▶ [DIRECTIONS FOR THIS TASK]:
The entries that follow include a run beginning at the line with "春节假期,陕西省杂交油菜研究中心油菜育种研究室主任董育红还在查看育种进展 供图 杨凌示范区管委会" and ending at the line with "The outer ring is"; restate that run word for word and leave the rest out.

▶ [SUPPLIED MATERIAL]:
——

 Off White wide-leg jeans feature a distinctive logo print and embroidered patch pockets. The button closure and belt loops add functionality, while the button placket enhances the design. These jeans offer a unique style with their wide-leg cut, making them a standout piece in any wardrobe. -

——

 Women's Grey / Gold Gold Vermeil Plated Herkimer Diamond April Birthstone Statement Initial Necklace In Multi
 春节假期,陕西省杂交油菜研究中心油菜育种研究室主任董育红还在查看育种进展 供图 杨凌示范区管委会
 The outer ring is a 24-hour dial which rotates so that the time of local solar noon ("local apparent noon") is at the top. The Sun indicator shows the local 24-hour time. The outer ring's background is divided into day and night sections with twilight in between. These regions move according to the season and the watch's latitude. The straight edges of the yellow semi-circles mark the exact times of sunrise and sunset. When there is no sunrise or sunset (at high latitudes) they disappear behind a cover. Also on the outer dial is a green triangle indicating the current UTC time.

——

▶ [EXERCISE SOLUTION]:
 春节假期,陕西省杂交油菜研究中心油菜育种研究室主任董育红还在查看育种进展 供图 杨凌示范区管委会
 The outer ring is a 24-hour dial which rotates so that the time of local solar noon ("local apparent noon") is at the top. The Sun indicator shows the local 24-hour time. The outer ring's background is divided into day and night sections with twilight in between. These regions move according to the season and the watch's latitude. The straight edges of the yellow semi-circles mark the exact times of sunrise and sunset. When there is no sunrise or sunset (at high latitudes) they disappear behind a cover. Also on the outer dial is a green triangle indicating the current UTC time.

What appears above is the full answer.